Private Matrix Multiplication From MDS-Coded Storage With Colluding Servers

In this paper, we study the two problems of Private and Secure Matrix Multiplication and Fully Private Matrix Multiplication from MDS-coded storage with Colluding servers, referred to as MDS-C-PSMM and MDS-C-FPMM respectively, on a distributed computing system with a master node and multiple servers. Specifically, in the MDS-C-PSMM problem, the master wants to compute the product of its owned confidential matrix $\mathbf{A}$ with one out of a batch of public matrices that is stored across distributed servers according to an MDS code, without revealing any information about the matrix $\mathbf{A}$ and the index of another interested matrix to a certain number of colluding servers.
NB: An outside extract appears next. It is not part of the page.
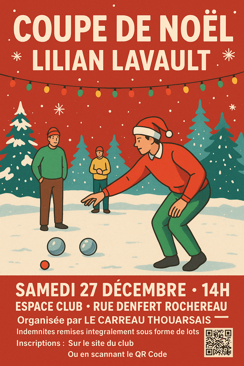 Coupe de Noël Lilian LAVAULT, concours de pétanque en triplette mixte, 15 € la triplette, en ABC, Indemnités en lots. Inscription sur le site du Carreau Thouarsais. Places limitées.
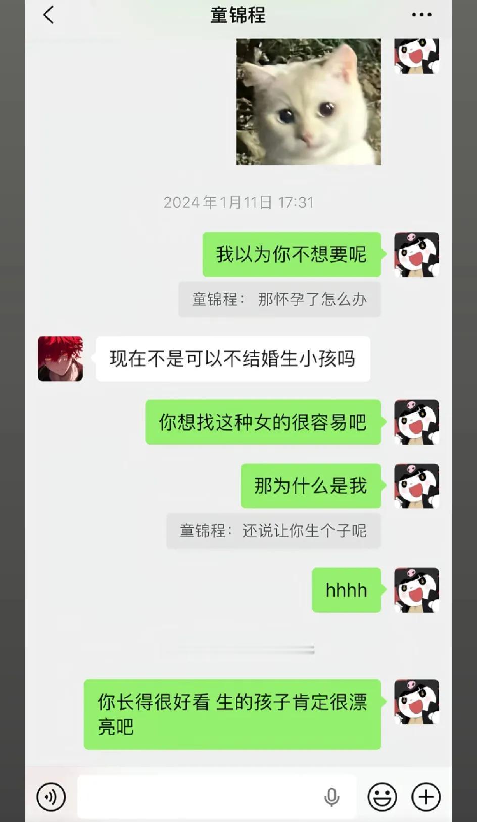 江南第一深情童锦程私生子风波:从他们刚认识的聊天记录来看,是童锦程想让女方帮他生孩子的呀。童锦程说想不结婚,跟她生个小孩也挺好。这女的就说像你颜值这么高,生的小孩一定很可爱,但想跟你生孩子的女人很多吧,你为什么非要找我呢?我们现在相处的还不久,等相处久了再说吧!我不想意外怀孕,我想有准备的生个孩子。就在今年初,女的还真怀上了,女的是福建人,今年30岁了,怀上了之后她想要。童锦程却不想要了,所以男人的心变化之快呀。

In the second MDS-C-FPMM problem, the matrix $\mathbf{A}$ is also selected from another batch of public matrices that is stored at the servers in MDS-coded form. In this case, the indices of the two interested matrices should be kept private from the colluding servers. We construct computation strategies for both MDS-C-PSMM and MDS-C-FPMM problems by exploiting the structure inspired by the encoding functions of related secure matrix multiplication strategies, yielding flexible tradeoffs among recovery threshold, i.e., the number of servers required to recover desired product, computation overhead, i.e., the computation complexity of distributed system, and communication overhead, i.e., the amount of communication bits between the master and the servers.